Hydrogen isotopes of lipids as a proxy for central metabolism and carbon use efficiency in soil microbes

Microbial carbon use efficiency (CUE) represents the proportion of carbon consumed by microbes that is accumulated in biomass instead of respired, and is important for understanding carbon cycling and storage in soils. Existing methods for quantifying CUE rely on additions of isotopically labeled material and/or incubations in laboratory settings, which may differ from in situ conditions. We propose an alternative strategy to study microbial growth and metabolism using hydrogen isotopes of microbial phospholipid fatty acids (δ²H_PLFA). 

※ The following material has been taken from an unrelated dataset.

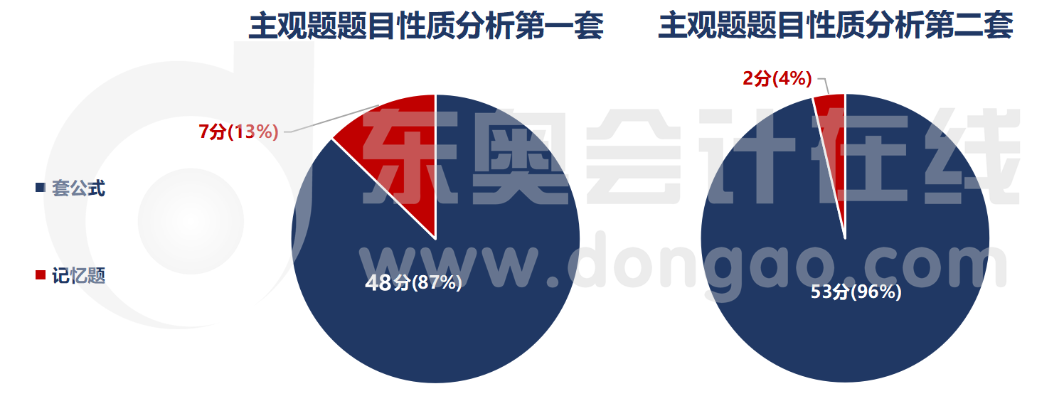 注會財管主觀題考查類型主要有記憶題、套公式題。第一套試題中套公式題占主觀題的87%,分值是48分;第二套試題中套公式題占主觀題的96%,分值是53分。

In bacterial monocultures, δ²H_PLFA values are strongly influenced by central metabolism. In particular, the most ²H-depleted PLFAs produced by heterotrophic bacteria are those with precursors derived from the Embden-Meyerhof-Doudoroff (EMP) and pentose phosphate pathways. When glycolysis proceeds through the Entner-Doudoroff (ED) pathway, fatty acids are significantly enriched in ²H. However, the highest δ²H_PLFA values are from cultures grown on precursors from the tricarboxylic acid (TCA) cycle as the sole carbon source. These naturally occurring differences in δ²H_PLFA values in cultures are one to two orders of magnitude greater than spatial and temporal variability soil water δ²H values. Therefore, δ²H_PLFA values offer the opportunity to detect relative changes in TCA activity by soil microbes. As the TCA cycle is typically associated with higher respiration and lower CUE, and specific PLFAs are primarily derived from distinct microbial groups, δ²H_PLFA values have potential as indicators of CUE for different groups of soil microbes.

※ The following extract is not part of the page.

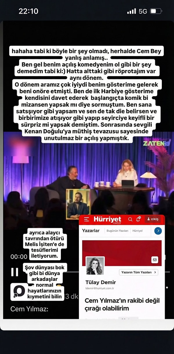 Cem Yılmaz da hepinizin bildiği üzere Türkiye’de muvaffakiyetini kanıtlamış komedyenlerden. Cem Yılmaz, Melis İşiten’in programında Kaan Sekban için, ‘Kaan Sekban, Harbiye’deki gösterisini onun için benim açmamı istemiş. Yapmadım.Yapmadığım için darılmış olabilir.’ sözlerini lisana getirdi ve ortalık karıştı. Program kısa müddette viral oldu, İşiten’in şaşkınlığı da dikkat çekti.

Soil communities are inherently more diverse and dynamic than monocultures. As a first step to assess the utility of δ²H_PLFAs as indicators of group-specific metabolism, we established a two-species system using a gram-negative bacteria (Pseudomonas sp.) and gram-positive bacteria (Bacillus sp.). These taxa produce distinct PLFAs from each other and utilize distinct pathways for glycolysis. We grew monocultures and co-cultures in a minimum media (M9) with either glucose or succinate as the sole carbon source. We harvested cultures at mid-exponential phase and measured δ²H values of extracted fatty acids.

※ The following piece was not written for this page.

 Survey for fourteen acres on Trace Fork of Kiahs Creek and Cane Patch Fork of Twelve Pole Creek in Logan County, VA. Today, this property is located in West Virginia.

First, we confirmed the results of previous monocultures with different strains of Pseudomonas and Bacillus. When grown on glucose, Bacillus, which uses the EMP pathway, produced fatty acids with an average δ²H value of -184 ± 12 ‰, while Pseudomonas, using the ED pathway, produced fatty acids with an average δ²H value of -20 ± 2 ‰. When they were grown on succinate and thereby forced to rely on the citric acid cycle, both bacteria produced fatty acids that were much more enriched in ²H (δ²H = +24 ± 5 ‰ for Bacillus and +192 ± 5 ‰ for Pseudomonas). When grown in co-cultures on glucose, δ²H values for PLFAs produced by Bacillus were similar to when it was grown alone on glucose (-189 ± 8 ‰), but δ²H values for PLFAs produced by Pseudomonas increased to +58 ± 18 ‰, indicating an increase in TCA cycle activity due to consumption of acetate secreted by Bacillus. These results demonstrate how metabolic changes driven by community interactions can be detected through δ²H_PLFA values and provide a foundation for applications in more complex systems.